It is a JVC LT-32EM49.

When devices are connected to it, it lists the normal resolutions such as 480p, 720p, 1080p/i. But it does not list 1366x768.

The TV removes some pixels on the edges of the screen when using 720p or higher input. TVs that overscan are supposed to offer an option to disable this, but I am very confident that this TV does not allow the user to disable the overscanning. (Devices such as the PS3 seem to expect and work around this irrational behavior by not putting anything important directly on the edges of the screen. But with computers, the edges of the screen are more important.)

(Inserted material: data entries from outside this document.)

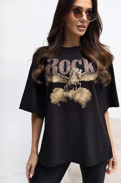 Vintažinio rock stiliaus grafika su galingai sparnais plasnojančiu Pegasu ir užrašu „ROCK” pavers bet kokį kasdienį įvaizdį į ryškų stiliaus akcentą.
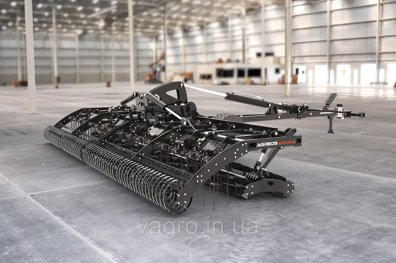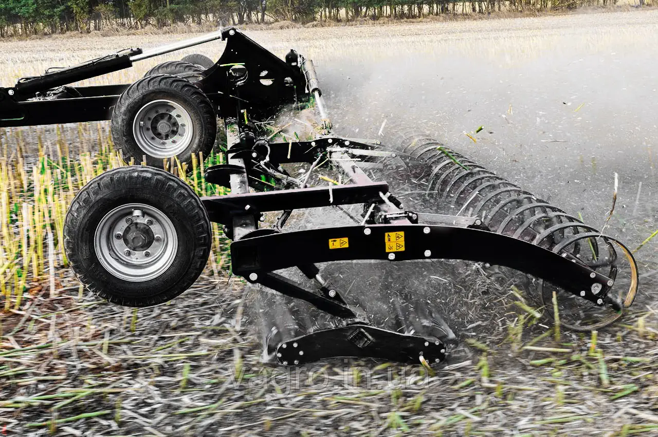 - Важка штригельна борона з гідравлічним регулюванням для ретельного подрібнення грудок і рівномірного розподілення органічного матеріалу
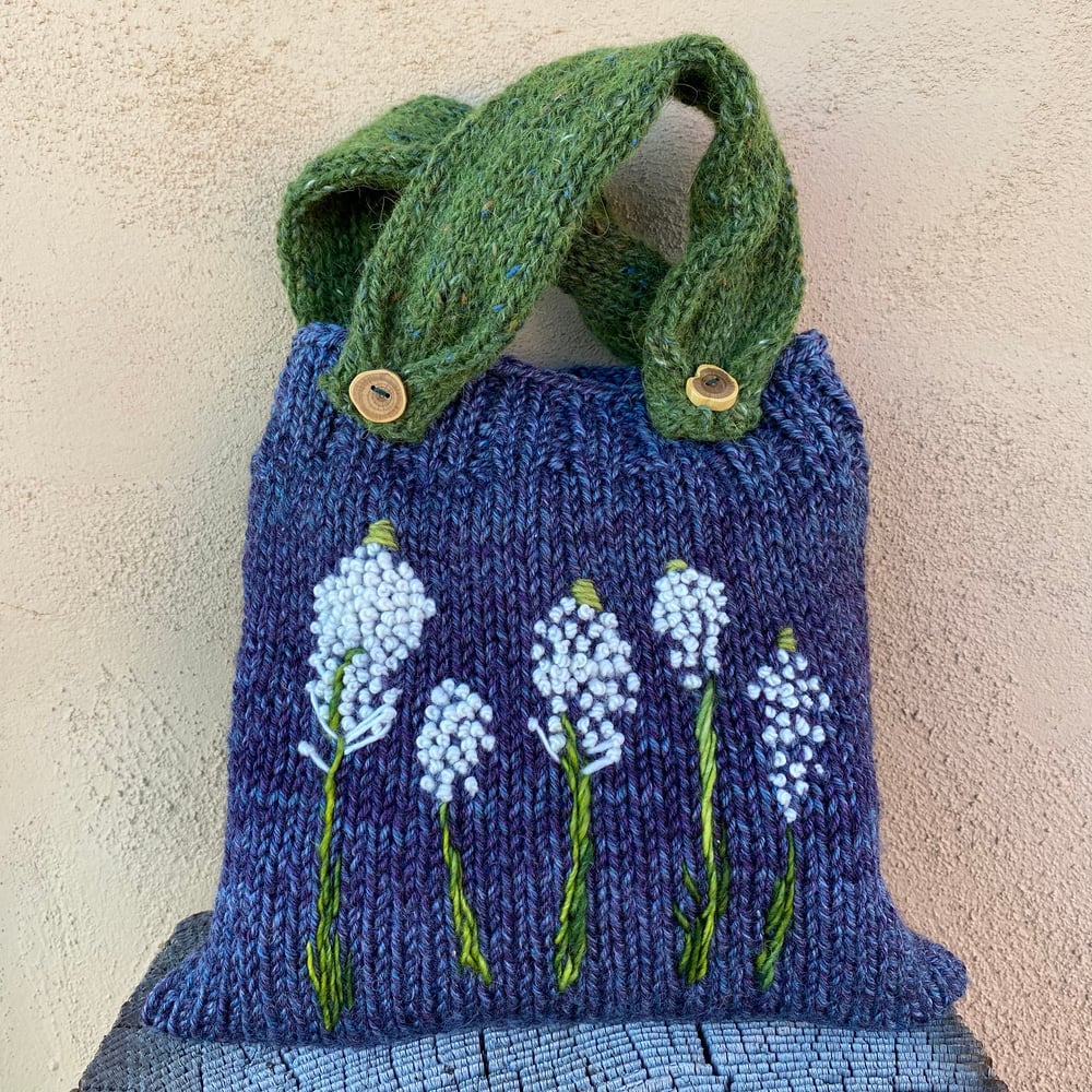 A profusion of Rocky Mountain wildflowers embroidered on hand knitted wool pouch. Knitted handles attached by twig buttons. Maybe this old fashioned purse was carried on the wrist of your beloved grandmother!
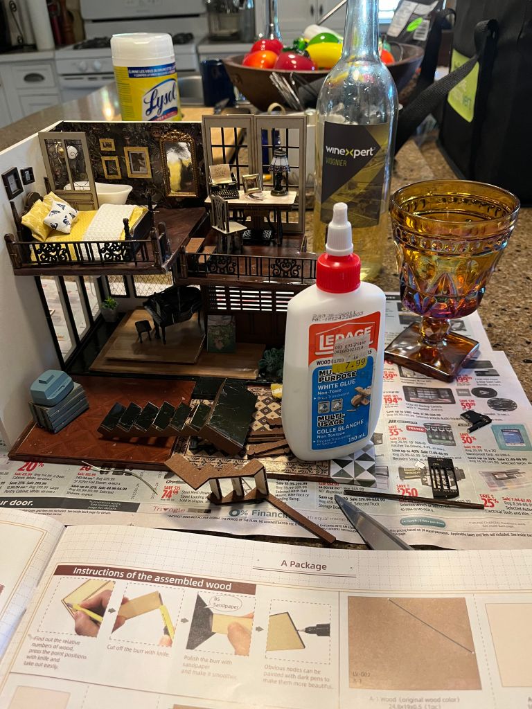 The other thing I did this week was (almost finish) my new miniature dining room. I don’t know why I love doing these things so much, and I don’t know whether it’s going to lead to me being a full-blown dollhouse person, but it makes me happy. And here’s a challenge–take a look at the room and if you can identify the one thing that’s still missing (because remember, I said “almost finished”), that will cement you as one of the people who know me the best (Anonymole, I’m looking at you), and I will name a character in my next murder story after you.
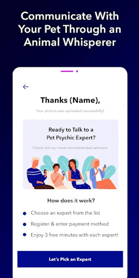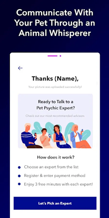 Our Animal Whisperer app makes animal communication simple and easy. Finally, you’ll be able to speak with animals and gain a deeper understanding about your pet’s behavior using our expert pet reader. Simply download the app, upload a photo of your pet, and talk to an online expert pet psychic of your choice to have all your questions answered. Your first 3 minutes are FREE!
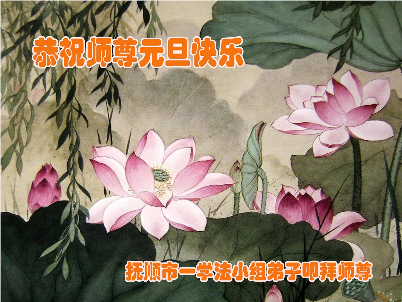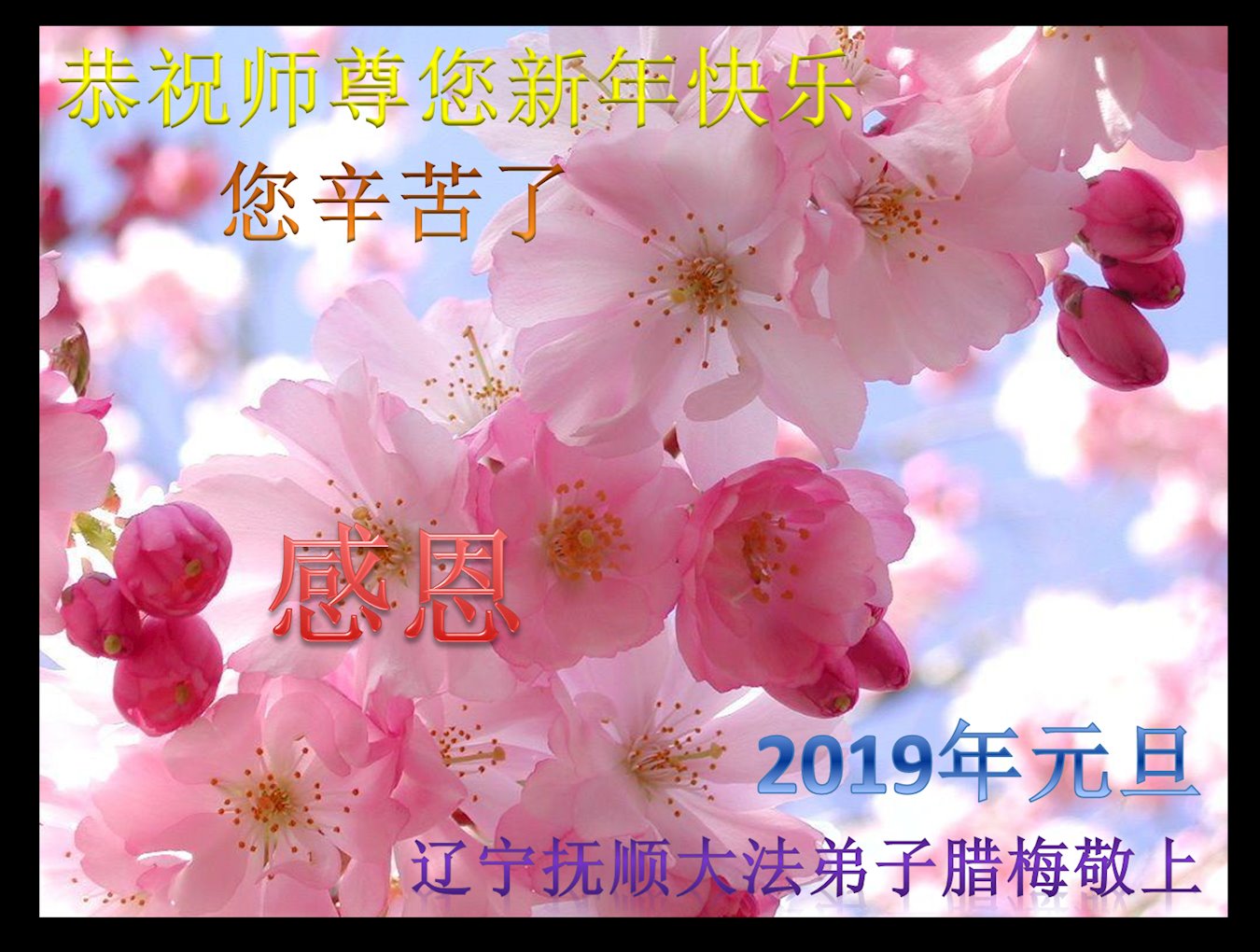 【明慧网二零一八年十二月三十一日】 辽宁省抚顺市顺城区一学法小组大法弟子恭祝师尊元旦快乐!
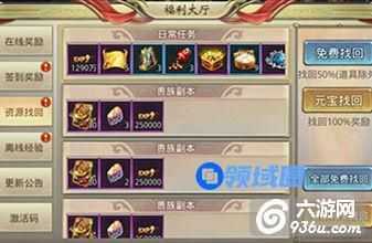 每日资源找回可以一键找回前一天未完成的任务、副本经验和道具奖励,元宝找回更能找回多倍奖励。
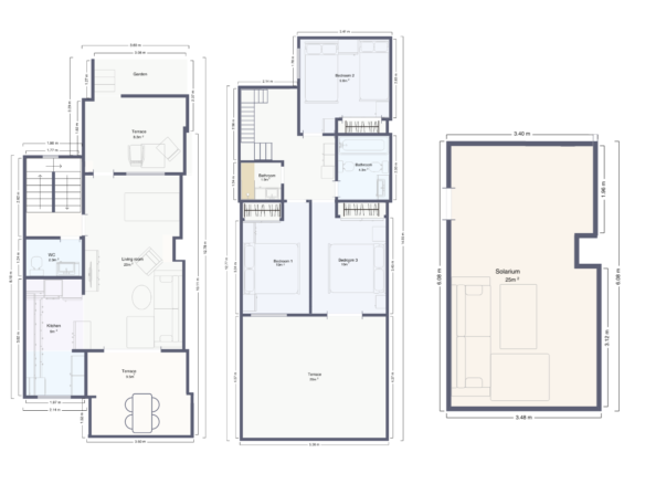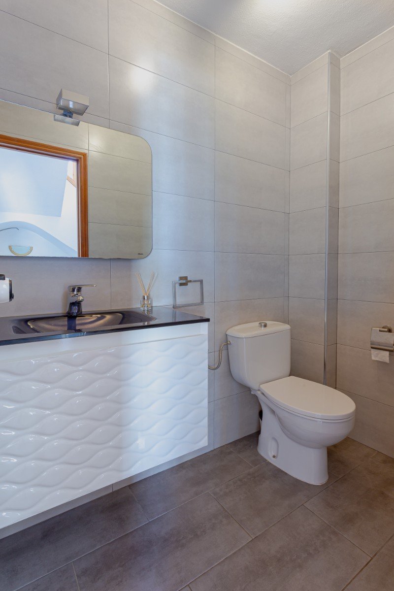 This charming townhouse is located in the well-known Verdemar urbanisation in Villamartín (Orihuela Costa). The property has been renovated and offers 3 bedrooms, 2 bathrooms and a guest toilet, providing a comfortable and functional layout.On the main floor, you will find a spacious living room, a fully equipped kitchen, and a guest toilet. From this level, there is access to two terraces: one at the front with morning sun, and another one facing south, perfect to enjoy the sun all day long.The upper floor is dedicated to the sleeping area, with 3 bedrooms and 2 bathrooms (one with shower and one with bathtub). On the lower level, there is a large 45 m² south-facing terrace, ideal for relaxing or enjoying the Mediterranean climate.The top floor offers a 22 m² solarium with outdoor shower and storage space, perfect for sunbathing or creating a chill-out area.Located close to all amenities, golf courses, and just a few minutes from the beaches of Campoamor and Cabo Roig, this property offers comfort, outdoor space and an excellent location.
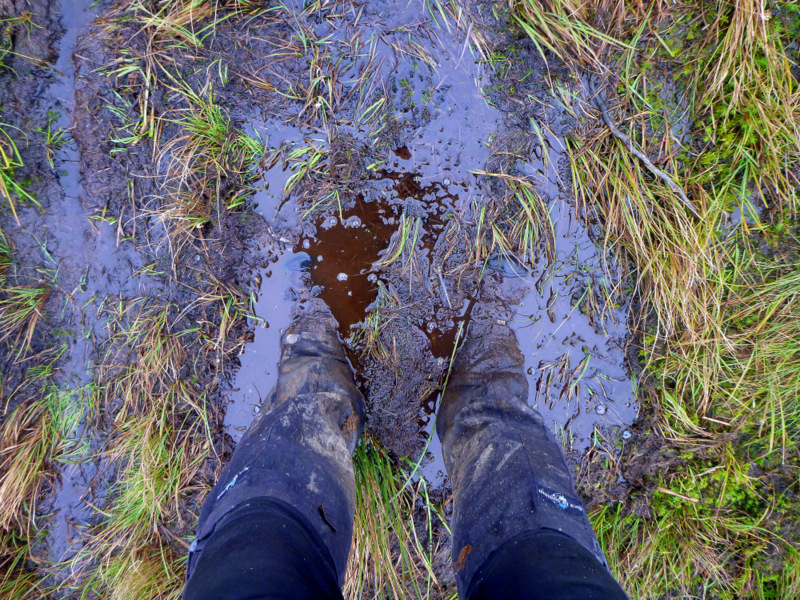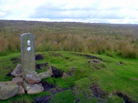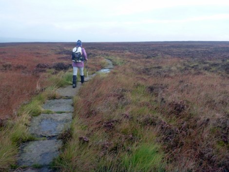 The through hike is regarded as difficult, although the walking itself is relatively easy with few steep sections and is well marked. The difficulties arise from the state of the track and the English weather. The track runs for many kilometres through wet peatbog, and has been much damaged and widened by generations of walkers and sheep, all trying to dodge the mud. Some of the worst sections have been paved with recycled stone slabs, but while these contribute to impact bruising, at least you can stay clean. I saw no evidence of attempts to divert water off the track, either with lateral or cutoff drains, instead the mud is accepted as a way of life. A walker does get very adept at picking the difference between a knee deep bog, firm dry bog and sheep shit mud slurry on a firm base that forms everywhere else. Waterproof boots and knee high gaiters are essential, but unlikely to keep your feet dry.

Now, when a computer was connected to this TV with a Radeon HD 4350 card (via DVI-HDMI adapter), Windows XP Professional SP3 listed 1366x768 as an available resolution (and it worked perfectly). I assume this was an OS-level workaround.
This same graphics card could be made to work properly (that is, having the full screen visible) with Linux via much fiddling with XRandR and --set.

However, I now wish to attach a Dell Studio Hybrid 140G (graphics card being Intel HD graphics, the GMA X3100 specifically) to this television. (The card has DVI and HDMI outputs)
And the Intel integrated graphics cards seem to have no such option to cope with problematic televisions and their relentless overscanning.

I have Googled much on this topic, to no avail. I suspect this post will appear as on the first page of such queries in the near future. xrandr --set overscan is not available for this graphics card, and --scale and --transform (the most widely touted solutions) do not fix the problem on this television.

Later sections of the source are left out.